Предсказание непредсказуемого: магические герои и тоталитарное будущее
Крошка Цахес и Павел Смердяков
Литературные герои в ситуации исторического взрыва
В литературе существуют некие открытия, когда герои вроде бы второстепенные (хотя и важные для творческого замысла, да и для понимания взглядов писателя) вдруг оказываются действующими лицами реальной исторической жизни. И это заставляет по-новому прочитать произведения, в которых они впервые явились. Став фактом исторической жизни, они позволяют острее увидеть и наступившую историческую реальность.
Художественных пересечений с европейскими творцами в русской литературе было немало: можно назвать испанские, французские, английские имена. Но с Германией отношения были много теснее, чем с другими странами. Не говорю уж о раннем периоде германо-норманнского влияния, о том, что в России очень долго в послепетровский период немцы были почти везде: немцы-чиновники, немцы-ученые, немцы-управляющие, немцы-сапожники и булочники, немец Даль создал великий словарь русского языка, немец Гакстгаузен открыл русскую общину, Гильфердинг и Востоков стояли у начала русского славянофильства. Вообще русофильство не самого хорошего пошиба было свойственно немцам как на бытовом уровне (см. повесть Тургенева «Несчастная»), так и на уровне царского дома, приблизившего к себе Григория Распутина. В свою очередь, влияние России на Германию было не меньшим: к России приглядывались, а в ХХ в. у нее учились, началось с учебы у Толстого и Достоевского, а кончилось учебой нацистов у большевиков. Существенна и близость в исторической судьбе. И Германия, и Россия считались пограничными странами по отношению к Западу, Германия училась у Запада (у Франции и Италии, прежде всего), Россия суммировала немецкий интеллектуальный опыт. Шеллинг и Гегель, Фейербах, Маркс, Ницше – все это этапы русского усвоения европейской культуры. Но и в литературе шел аналогичный процесс. Влияние Гёте, Шиллера, Гофмана на русскую литературу трудно переоценить.

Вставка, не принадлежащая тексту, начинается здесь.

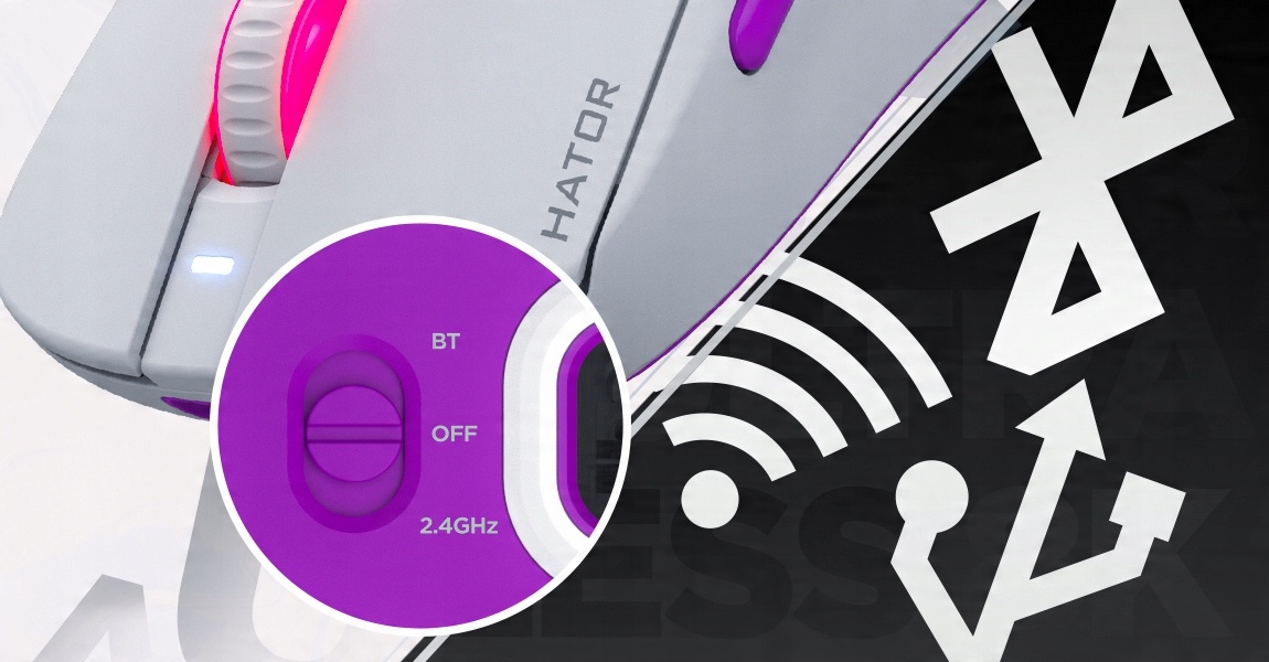 Миша пропонує три режими з'єднання, а це означає, що вона може бути адаптована до різних ситуацій та переваг користувача. Бездротовий режим 2,4 ГГц гарантує стабільне з'єднання та мінімальні затримки, що необхідно під час інтенсивної конкуренції. Можливість підключення за допомогою Bluetooth дозволяє забезпечити більшу гнучкість та зручне використання різних пристроїв. У свою чергу, провідний режим через порт USB забезпечує повну надійність і без затримки, що особливо важливо в іграх, що потребують ідеальної синхронізації рухів.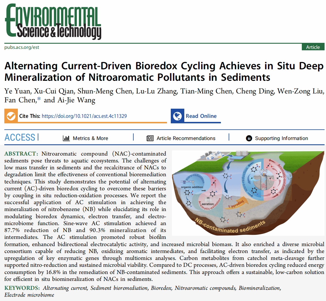 近日,我校远野副教授课题组在国际环境领域的顶级期刊《Environmental Science & Technology》(ES&T)上发表题为“Alternating Current-Driven Bioredox Cycling Achieves in Situ Deep Mineralization of Nitroaromatic Pollutants in Sediments”的研究成果(Environ. Sci. Technol. 2025, 59, 14497–14507)。远野副教授为第一作者,校外兼职硕士生导师、西北工业大学陈帆副教授为通讯作者,2023级研究生钱徐翠为第二作者。这是我校首次以第一单位在ES&T发表研究论文。ES&T创刊于1967年,由ACS出版,是国际环境领域最具影响力的顶级学术期刊之一,致力于报道环境科学与技术原创性、突破性的研究成果,以其卓越的学术质量和广泛的国际影响力而著称,2024-2025最新影响因子为11.3。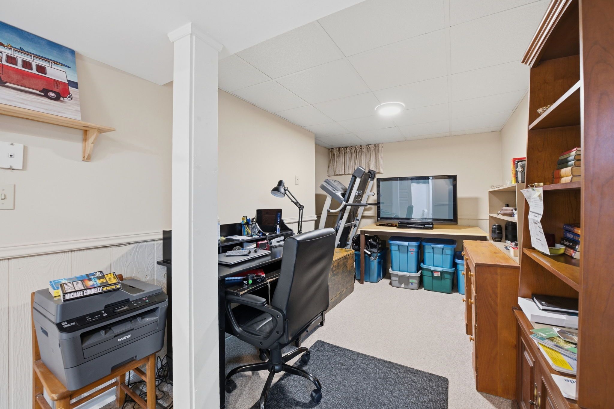 • Cozy rec room with gas fireplace and flexible spaces for entertainment.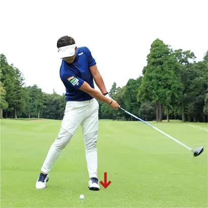 「バックスイングで右足、ダウンスイング以降は左足」と考えれば、体重移動は「横移動」の感覚となりますよね。ところがそのような意識を持つとバックスイングで上体が右に大きく動き、その反動でダウンスイング以降は上体が左に流れやすい。カラダの回転軸が左右にブレてミート率が低下してしまい、カラダを大きく使った割には飛距離があまり出ないのです。

Скажем, для Достоевского эти художники весьма много значили. Об использовании образов Шиллера в его произведениях писалось немало. Не раз также отмечалось, что тема двойничества, впервые столь резко обозначенная в европейской литературе Гофманом, была именно от него воспринята Достоевским. Об этом писали не только исследователи Достоевского, но и немецкого романтизма[202]. Сам Достоевский вполне открыто признавался в любви к Гофману:. «Я сам читал в Петергофе по крайней мере не меньше твоего. Весь Гофман, русский и немецкий (то есть непереведенный “Кот Мурр”). <…> У меня есть прожект: сделаться сумасшедшим. Пусть люди бесятся, пусть лечат, пусть делают умным. Ежели ты читал всего Гофмана, то наверно помнишь характер Альбана. Как он тебе нравится? Ужасно видеть человека, у которого во власти непостижимое, человека, который не знает, что делать ему, играет игрушкой, которая есть – Бог»[203]. И в этом же письме он бросает фразу, которую можно назвать его художественным кредо: «Не дух времени, но целые тысячелетия приготовили бореньем своим такую развязку в душе человека»[204]. Аполлон Григорьев даже видел в Достоевском второго русского Гофмана. Достоевский, как известно, оказался совсем другим, но точки их пересечения столь значительны и выводят нас на такие мирового масштаба культурно-исторические явления, что эту раннюю заинтересованность Достоевского в Гофмане стоит отметить. Как писал Берковский: «От Гофмана темы двойников, кукольные темы широко пошли по литературе. <…> У нас в России – Гоголь прежде всего, Достоевский. Правда, Достоевский своеобразно разрабатывает эти темы, это собственные трактовки Достоевского, но, разумеется, они появляются под каким-то воздействием Гофмана»[205]. Все-таки уточню: речь идет не о подражании, но о конгениальности сюжетов и идей.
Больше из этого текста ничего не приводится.